Неплохо бы узнать, сколько сейчас времени. Часов у нее нет давным-давно, а на башенных часах не разглядеть без очков. Муж Янки, этот краснорожий тип - ну вылитый мясник! - ушел из дому в восемь, значит, сейчас, должно быть, около девяти. Старуха вздохнула. Бедняжка Эдит, всю жизнь она доставляла лишь хлопоты и огорчения.

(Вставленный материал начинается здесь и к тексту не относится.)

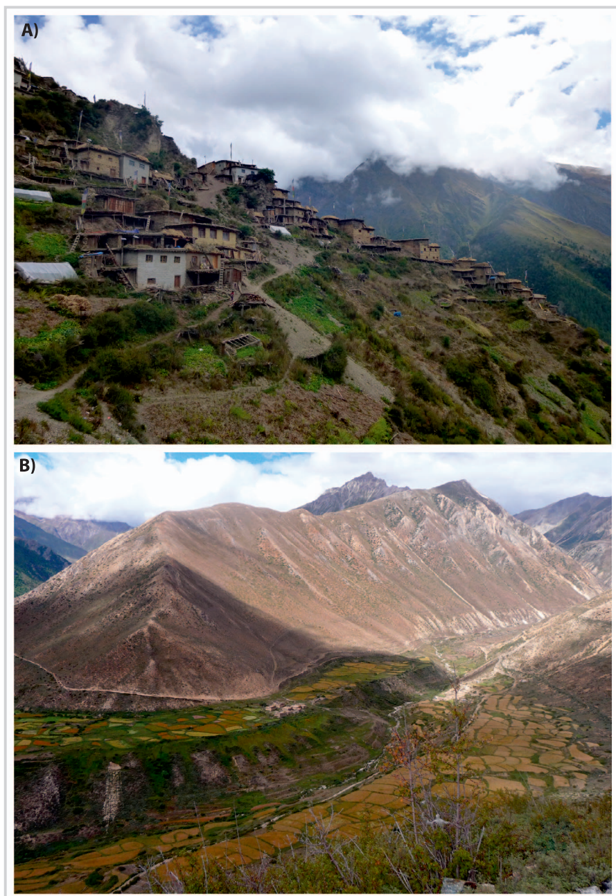
FIGURE 2 (A) The steep topography of Kale village; (B) the flat topography of Gyepo village.

knowledge of Humli food consumption patterns and previous ethnographic accounts of the region (Bishop 1990; Citrin 2012). Our questionnaire included all of the foods that an individual in Gyepo or Kale has the opportunity to eat (see Grocke 2016 for more details). We administered this questionnaire to all households twice, with the person responsible for cooking the majority of the meals. We asked respondents whether they had consumed each of the foods/drinks on the list during the last 3 months, and if so, how often. To gauge consumption

Начиная с самого своего рождения: она, мать, чуть на тот свет не отправилась, пока на третьи сутки насилу разрешилась от бремени, и после родов еще долго болела. А уж как испортила себе фигуру! Конечно, если быть совсем откровенной, то надо признать, что и странность характера, и религиозную одержимость Эдит унаследовала от Вероники, от ее, Дечи, родной сестры, и это необычное сходство натур тем более смущало, приводило в замешательство, что Вероника умерла задолго до рождения Эдит. Может, лучше было бы позволить Эдит следовать своим наклонностям? Но вроде и не было у нее никаких таких уж особых наклонностей, да и кто относится всерьез к помыслам девятнадцатилетней девчонки? Что успела повидать Эдит за свое девичество? Ничего! Когда ей было три года, девочку увезли в Цирквеницу, вскоре Оскар умер, и они вернулись в то село вблизи Балатона, где она родилась, а так как Оскар служил совсем недолго, после смерти мужа ей полагалось всего лишь небольшое пособие, а не пенсия. Но дом, где они с Эдит приютились, все же был ее собственный, да и сад приносил кое-какой доход: фрукты можно было продавать в Фюреде наезжавшим туда курортникам. Цирквеница да село у Балатона - вот и все тогдашние жизненные впечатления Эдит: моления по утрам в холодной церкви, занятия в воскресной школе, которые она ни разу не пропустила, да редкие выезды на летние сборы юных членов реформатской общины.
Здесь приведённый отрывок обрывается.